Le Dieu Electron, porteur de la charge
électronique fondamentale, régit la
matière et la lumière et préside
à toutes les activités biologiques,
fonctionnement cérébral compris.
C'est pour l'électron et à cause de lui
que sont forgées la plupart des théories de
la physique : électromagnétisme,
relativité restreinte, mécanique quantique.

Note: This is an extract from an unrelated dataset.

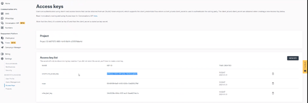 - Service connection which is of format https://[landscape either eu or na].conversation.api.sinch.com/v1beta/projects/[project ID]/messages:send

C'est lui qui est responsable de l'apparition d'un
nouveau concept qui va envahir toute la physique : le
champ.
Il est à l'origine de l'émergence d'une
catégorie fondamentale de notre description de la
nature, qui se substitue à la matière et
à l'énergie, l'information.
Témoin de son temps, l'art du XXè
siècle subit de plein fouet les cataclysmes
conceptuels provoqués par
l'électricté. Entre l'art et la vision du
monde de la science se nouent des dépendances
organiques.
Les artistes modernes et contemporains,
pénétrant dans l'espace-champ
électrique, se sont emparés de cette
matière-énergie, de cette
matière-lumière pour explorer des domaines
nouveaux et souvent inaccessibles à la perception
humaine, et pour transmettre des sensations de mouvement
et de vie. Enfin, de manière plus
générale, la lumière
électrique, l'énergie électrique
abolissent aujourd'hui le temps et l'espace et ouvrent de
façon radicale et irréversible les champs
de la communication immédiate et
généralisée.
Pour Frank Popper, qui a coordonné l'exposition
"Electra" au MAM de la ville de Paris en 1983,
l'électricité, l'électronique sont
à l'origine d'un mouvement qui peut être
qualifié de Modern Light Art, mouvement qui vit le
jour au début des années 1920 et qui,
associé à la vidéo, au laser,
à l'holographie, à la cybernétique,
à l'ordinateur, continue à se
développer, jusqu'à aujourd'hui. En
utilisant l'immense potentiel esthétique des
phénomènes lumineux, les artistes explorent
les propriétés physiques du mouvement, de
la vitesse, de la durée, du rythme, de la couleur;
ils exploitent ses effets spectaculaires
théâtraux, son sens lyrique ou sa
capacité à entraîner le spectateur
vers une prise de consience. Même si
l'ingénieur et l'artiste peuvent avoir des
comportements proches, l'objectif du premier est la
découverte du patrimoine (histoire de la
technique, sauvegarde et intégration de
l'uvre dans l'environnement contemporain); celui du
second, dans une inspiration personnelle et individuelle,
s'inscrit dans un courant d'expression sociale, qui
dépasse la simple reconnaissance esthétique
de l'artefact.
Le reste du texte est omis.